Он боялся продолжать — боялся, что начнет говорить совсем другое.
— Это хорошо, — сказал Джефф. — Это для меня колоссальное облегчение — то, что не было последствий, если я правильно тебя понял. Просто замечательно.
— Последствий?
— О чем ты говоришь? — спросил Коулмен. — Каких последствий?
— Ты вольная пташка, да? Опять стал самим собой? Судя по голосу, ты сейчас похож на себя как никогда за последние годы. Сам позвонил — вот что важно. Я ждал, надеялся — и теперь этот звонок. Больше и сказать нечего. Ты с нами. Вот о чем мы беспокоились — только об этом.
— Я что-то не понимаю, Джефф. Объясни мне. О чем мы говорим? Последствий чего?
Джефф ответил не сразу и неохотно.
— Аборта. Попытки самоубийства.
— Ты Фауни имеешь в виду?
— Да.
— Сделала аборт? Пыталась покончить с собой? Когда?
— Папа, это всем в Афине стало известно. А потом и нам.
— Всем? Кому — всем?
— Папа, раз не было последствий…
— Последствий не было, потому что событий не было. Ни аборта, ни попытки самоубийства, насколько я знаю. И насколько знает она сама. И все-таки, кому это — всем? Черт тебя побери, ты слышишь такие байки, такие глупые сплетни — и почему не взял телефонную трубку, почему не приехал?
— Приезжать — не мое дело. К человеку твоего возраста…
— Не твое дело? Понятно. Твое дело — верить всему, что говорят о человеке моего возраста, любой злобной, нелепой лжи.
— Да, это была моя ошибка, я о ней сожалею. Ты прав. Ты конечно прав. Но пойми: каждому из нас было до тебя ох как неблизко. До тебя уже давно нелегко было…
— Кто тебе это сказал?
— Лиза. Она первая узнала.
— От кого?
— Из нескольких источников. От знакомых.
— Мне нужны фамилии. Я хочу знать, кому это — всем. От каких знакомых?

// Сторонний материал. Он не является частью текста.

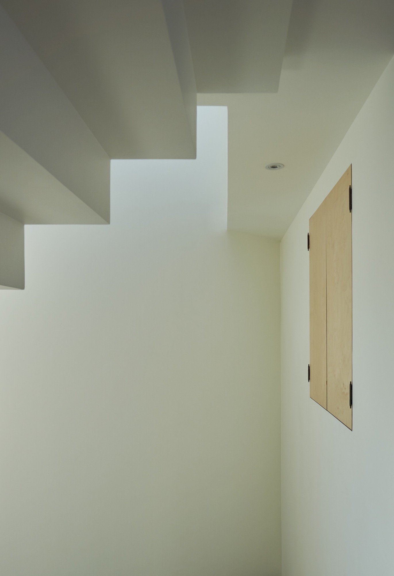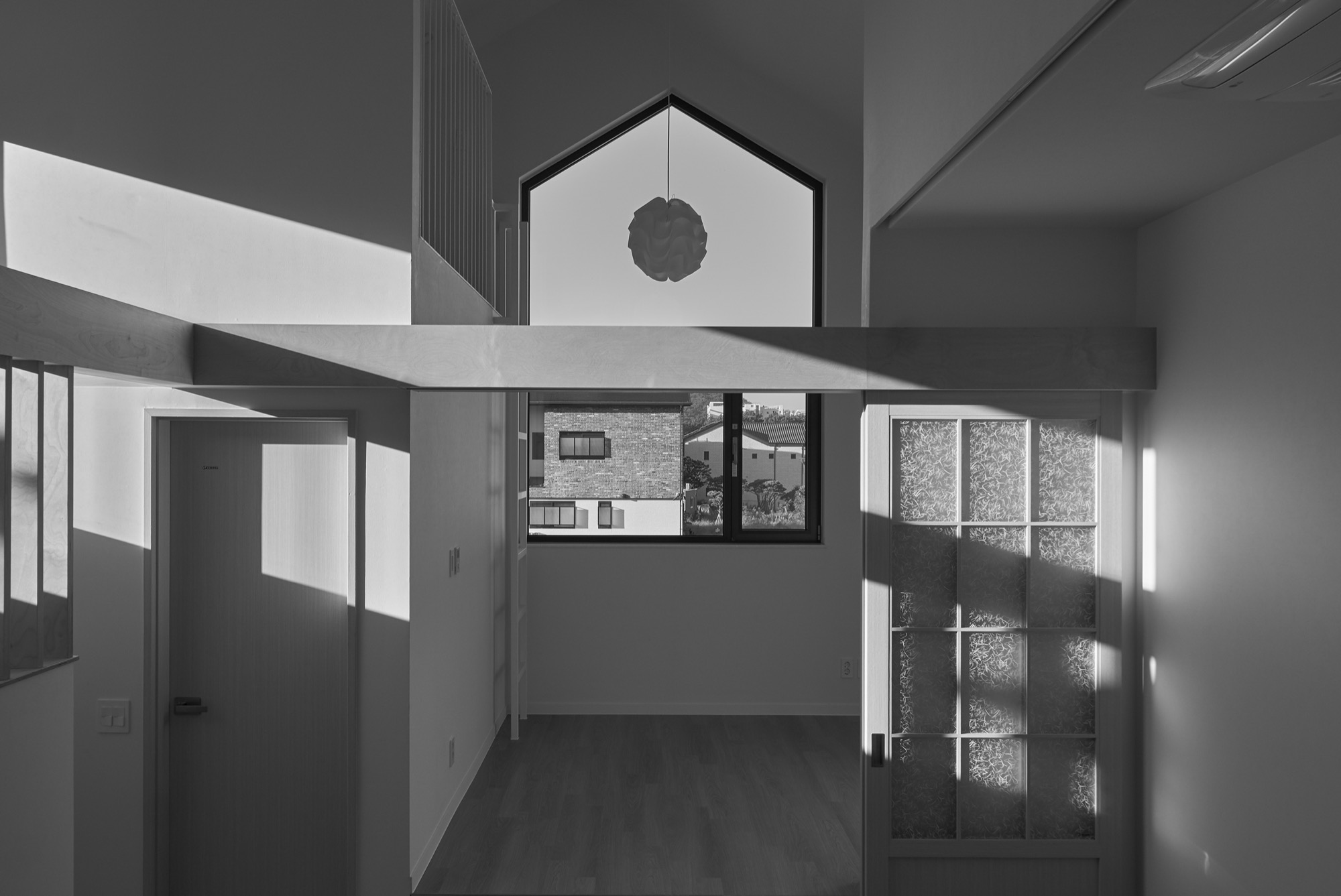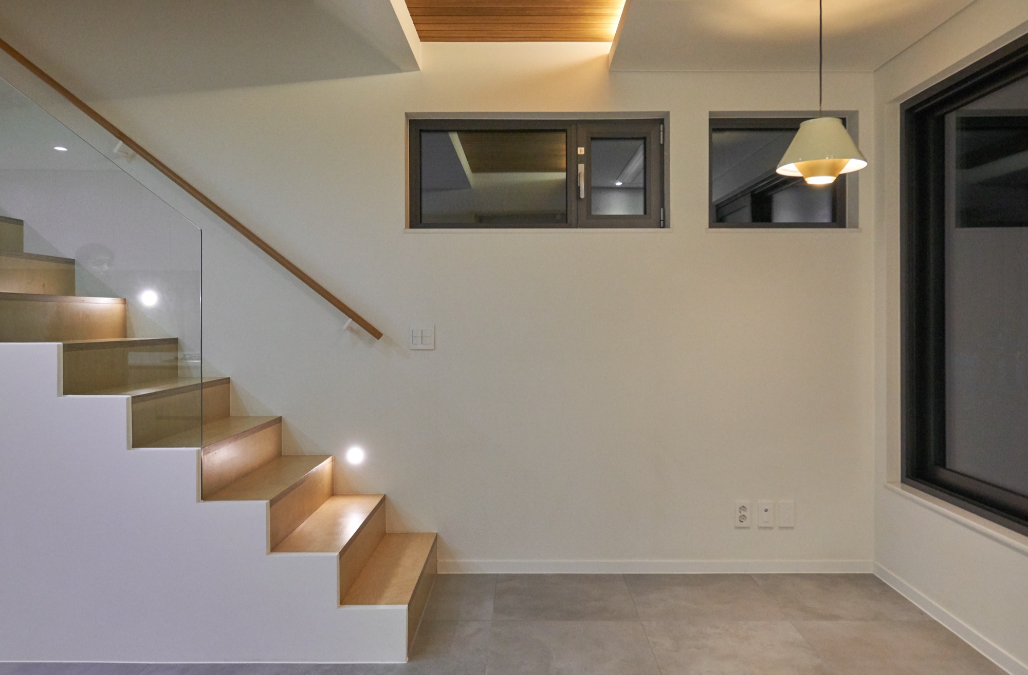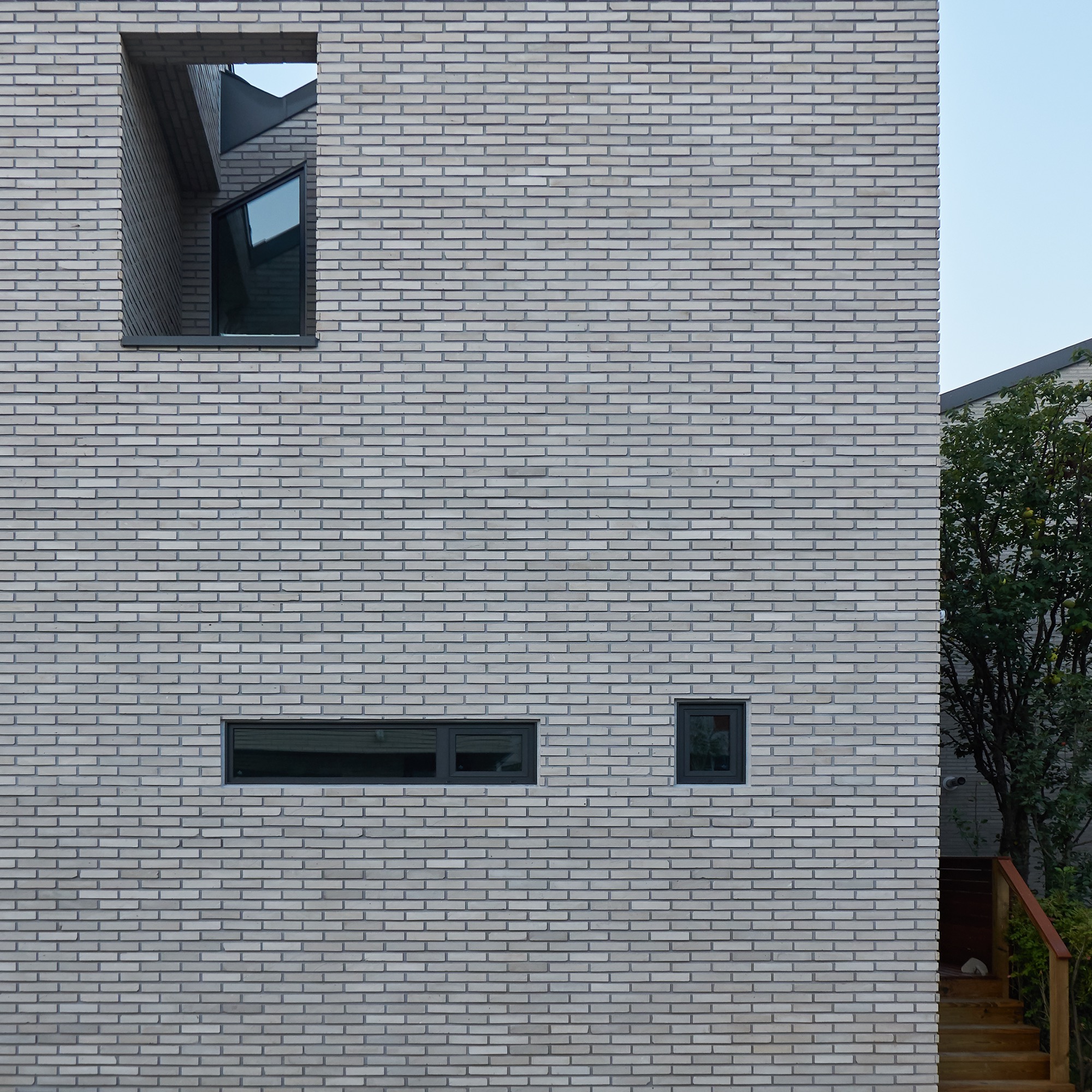 설계에서 가장 중요하게 생각했던 부분은 현관이다. 흔히들 흘러 지나가는 곳이라 여겨 중요성이 떨어지는 곳이지만, 조금은 사치를 부려 천창이 있는 포켓 정원으로 만들었다. 서로 엮이는 계단과 시선, 흘러들어오는 빛은 작은 공간 속에 다양한 이야기를 담는다.

— От старых знакомых. От ее подруг в Афине.
— А, от милых подруг детства. От потомства моих коллег. Им-то кто сказал, интересно.
— Так, значит, не было попытки самоубийства?
— Нет, Джеффри, не было. И аборта не было, насколько мне известно.
— Что ж, отлично.
— А если бы было? Если бы эта женщина забеременела от меня и сделала аборт, а потом попыталась покончить с собой — что тогда? Предположим даже, попытка бы удалась — что тогда, Джефф? Любовница твоего отца кончает с собой — что тогда? Ополчаться на отца? На преступника отца? Постой, постой, давай вернемся на шаг — к попытке самоубийства. Нет слов, просто блеск! Интересно, кто выдумал эту попытку. Из-за аборта она накладывает на себя руки — так? Мне хочется разобраться, что за мелодраму изобразили Лизе афинские подружки. Наверно, она не хотела этого аборта? Ее заставили его сделать? Понятно. Экая жестокость! Мать, потерявшая двоих детей во время пожара, забеременела от любовника. Восторг. Шанс. Возрождение. Новый ребенок в утешение за утрату тех. Но любовник говорит — нет, и думать не моги, и тащит ее за волосы в клинику, а потом, разумеется полностью сломив ее волю, берет ее голое кровоточащее тело…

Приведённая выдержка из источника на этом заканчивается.